Dataset records
|---|
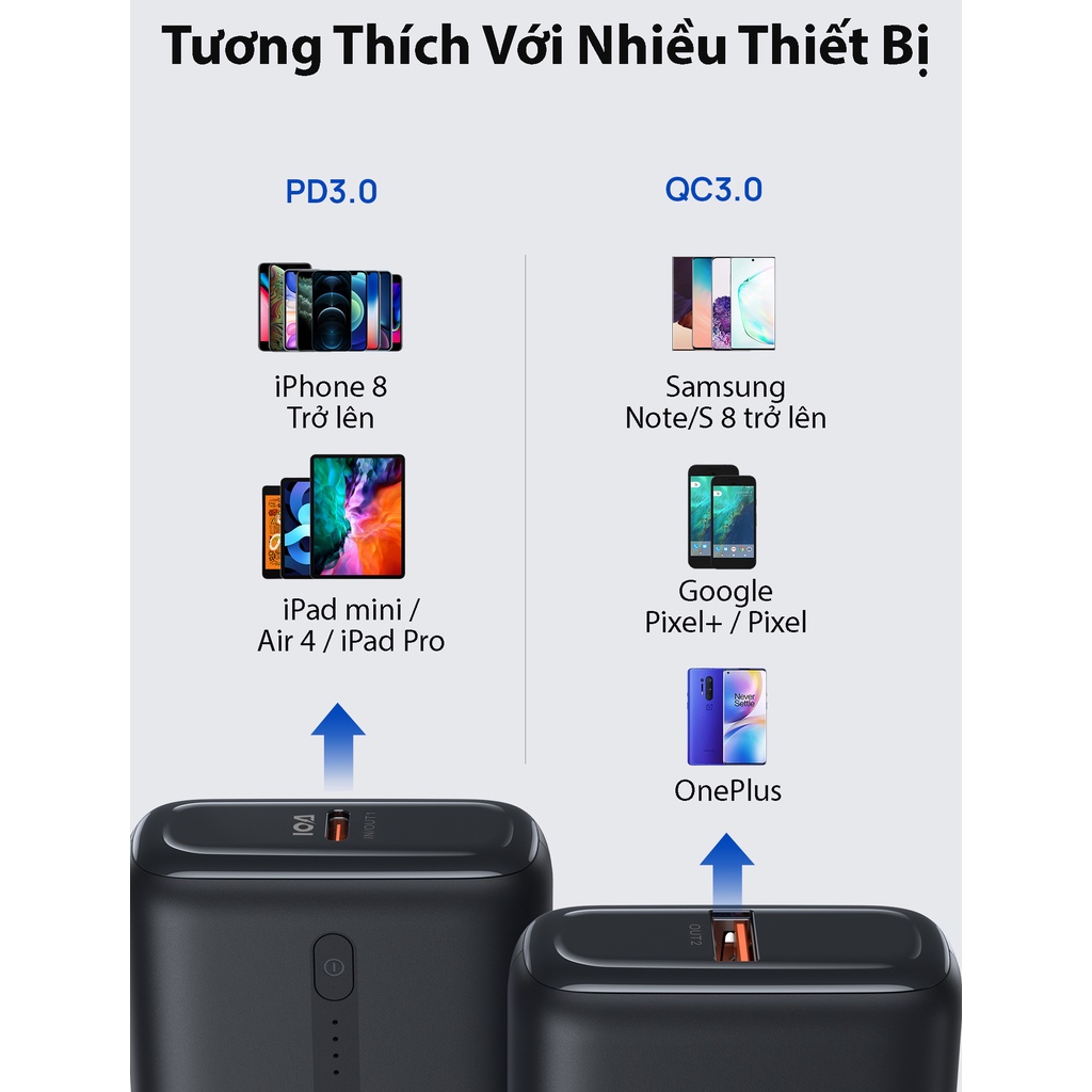 Công nghệ sạc nhanh bằng cổng USB-C Power Delivery 3.0 20W và Cổng USB-A Quick Charge 3.0 18W Sạc được nhiều thiết bị chỉ bằng một pin sạc dự phòng duy nhất.
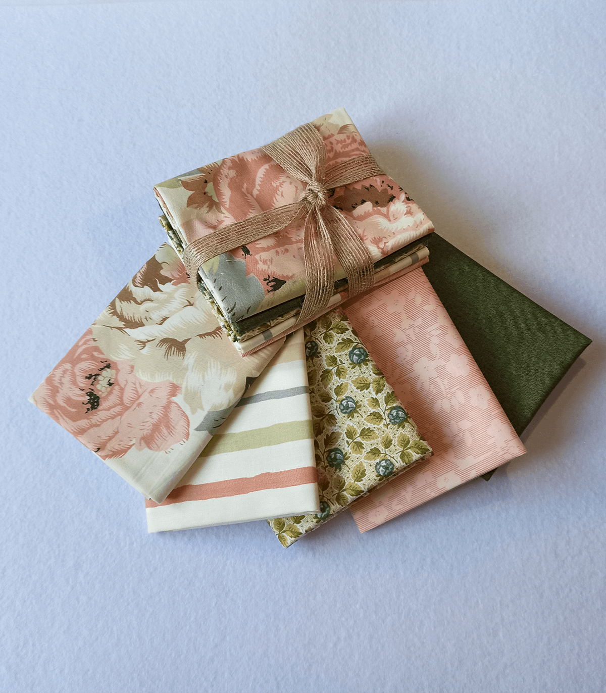 Pack de 5 Fat Quarter en colores salmón, verde y estampado de flores y rayas. Aquí tienes una bonita combinación de telas para realizar cualquier proyecto de patchwork.
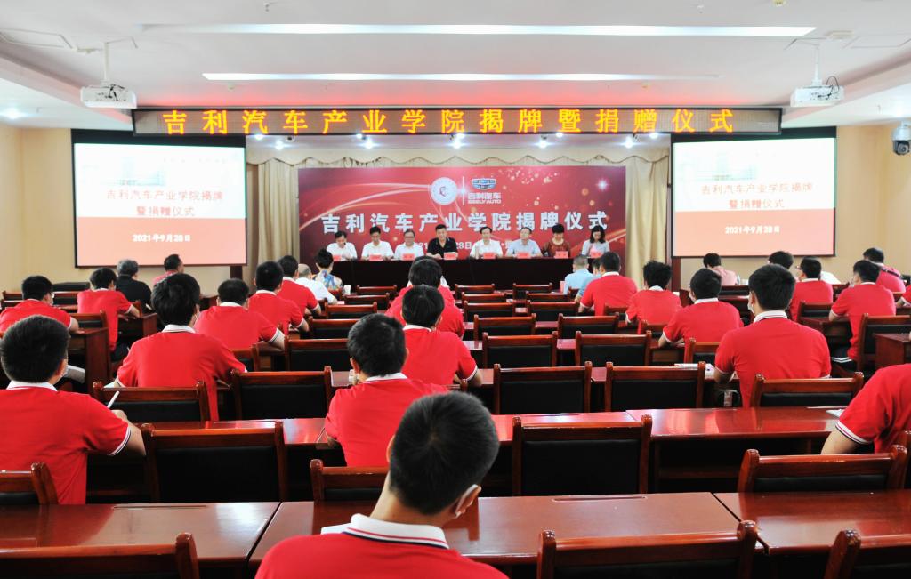 9月28日,吉利汽车产业学院揭牌暨捐赠仪式在我校培训楼三楼多功能厅隆重举行,标志吉利汽车产业学院在我校正式成立。吉利汽车集团有限公司杭州湾公司副总经理丁云长、吉利轩宇宁波分公司总经理兼技能管理部部长林乃挺等企业嘉宾,校领导戴光驰、李全、谢彤出席仪式,相关职能处室负责人和汽航学院师生代表参会。
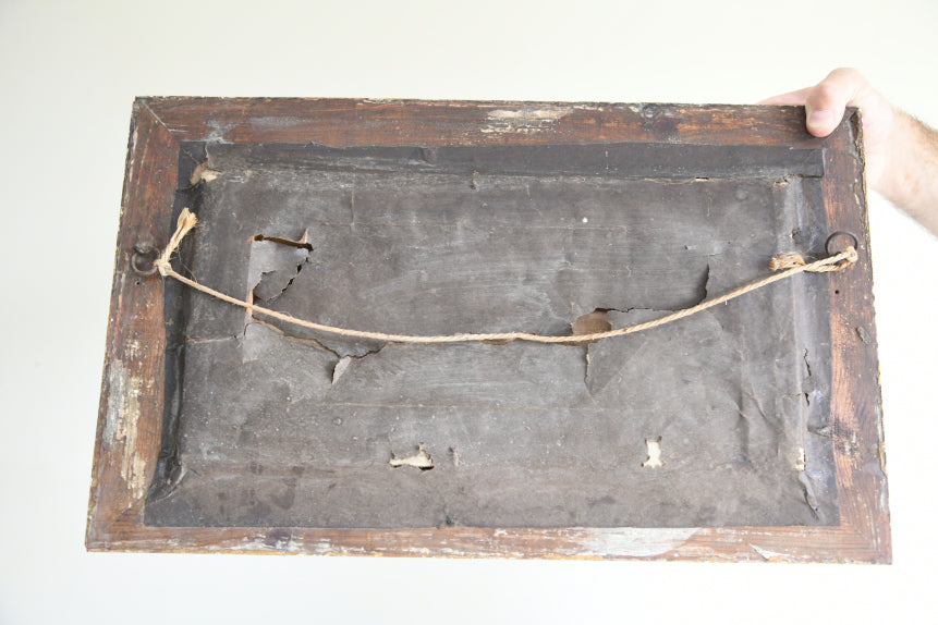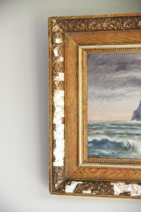 Antique Coastal Oil On Canvas. Atmospheric coastal oil painting, depicting waves breaking against rugged cliffs beneath a dramatic sky. The composition captures the movement of the sea and the contrast between dark rock formations and lighter distant headlands. Painted with expressive brushwork and a moody palette, the work conveys the power and character of a wild shoreline.Presented in an ornate gilt frame. Indistinctly signed lower right.
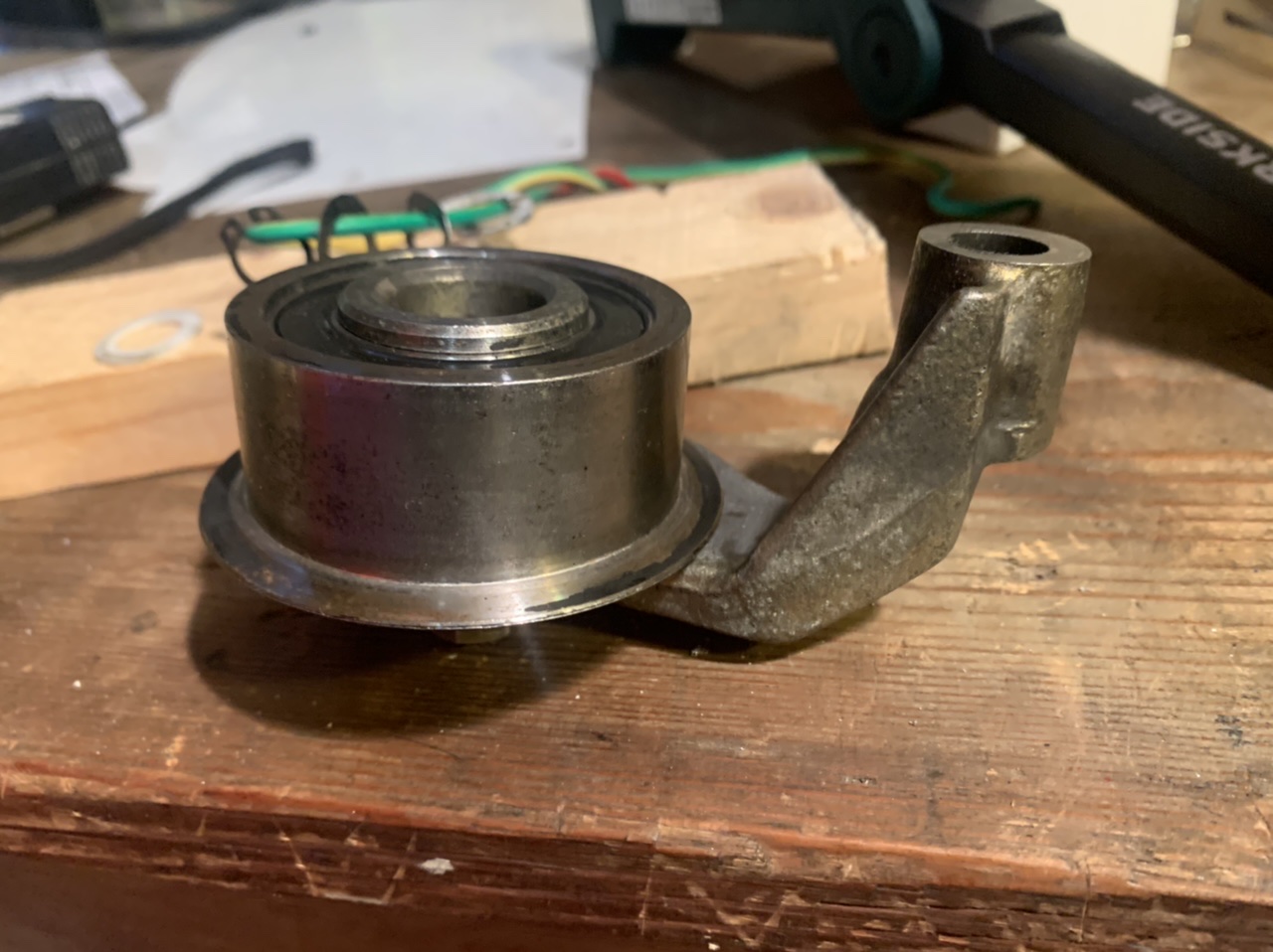 J avais commandé de quoi bloquer les poulies d aac. Impossible de les retrouver…. Une heure… Bon, et alors cette poussière de métal… et bien le galet de roulement doit être monté avec l épaulement cote moteur… Et la.. on voit bien l usure
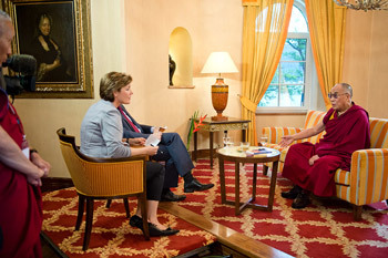 Doris Appel head of the Religion Department of ORF-TV, interviews His Holiness the Dalai Lama in Klagenfurt, Austria, on May 20, 2012. Photo/Tenzin Choejor/OHHDL
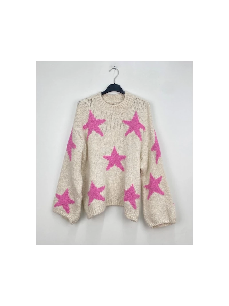 Pull étoile beige rose coupe loose;
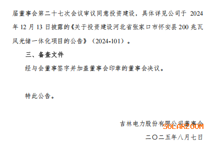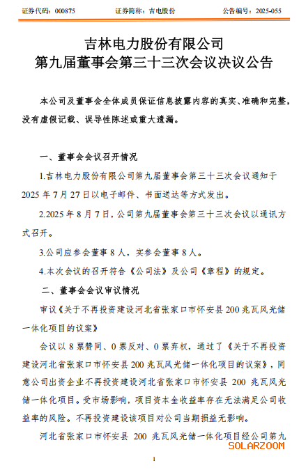8月7日,吉电股份发布公告称,公司审议通过了《关于不再投资建设河北省张家口市怀安县200兆瓦风光储一体化项目的议案》。公司表示,受市场影响,该项目资本金收益率存在无法满足公司收益率的风险,放弃对于河北省张家口市怀安县200兆瓦风光储一体化项目的投资计划。
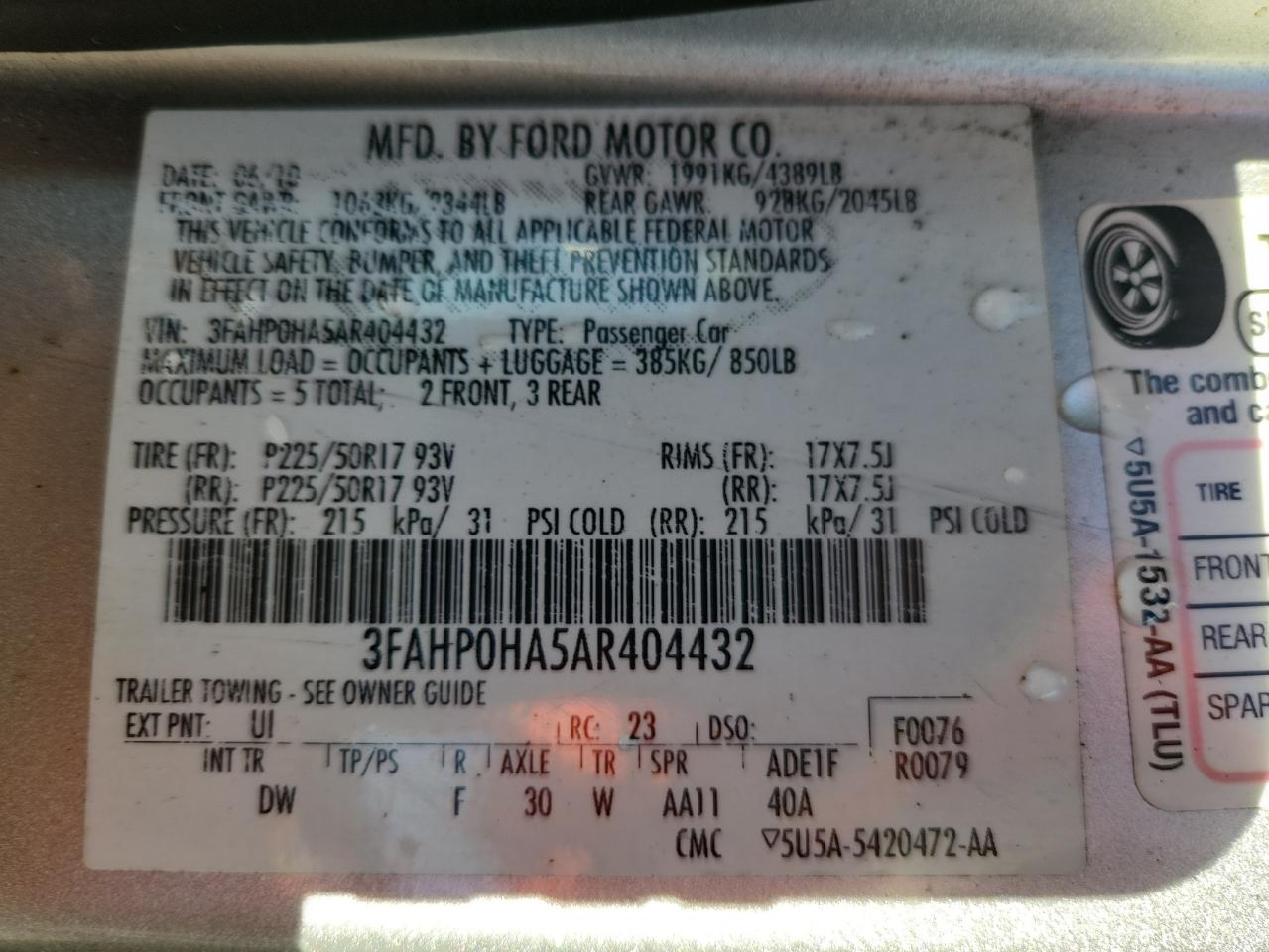 FORD FUSION 2.5 2010 г.в., (3FAHP0HA5AR404432) из США
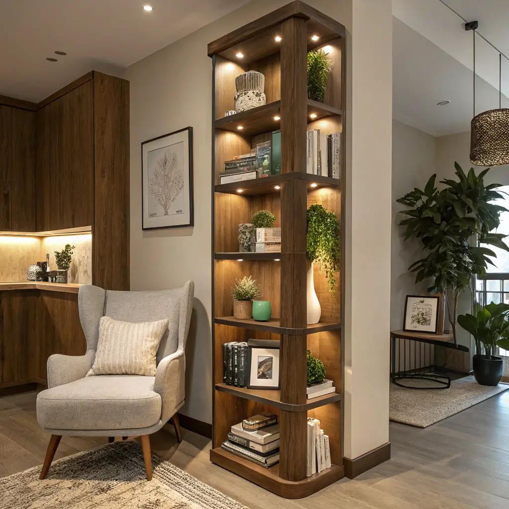 Built-in corner shelves with integrated lighting are the Rolls Royce of corner storage. They scream “I have my life together” even if you absolutely don’t. I had these installed in my home office corner, and now I feel like I work in a fancy library even though I’m just answering emails in my pajamas.
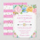 Gorgeous Watercolor Pink, Yellow and Blue Summer Flowers design with gold glitter confetti and stripes background
|---|
Work to complete:
Above are the records. Copy only the lines from the one with "8月7日,吉电股份发布公告称" through the one with "FORD FUSION 2.5", exactly, with no pictures.

Solution for this problem:
8月7日,吉电股份发布公告称,公司审议通过了《关于不再投资建设河北省张家口市怀安县200兆瓦风光储一体化项目的议案》。公司表示,受市场影响,该项目资本金收益率存在无法满足公司收益率的风险,放弃对于河北省张家口市怀安县200兆瓦风光储一体化项目的投资计划。
 FORD FUSION 2.5 2010 г.в., (3FAHP0HA5AR404432) из США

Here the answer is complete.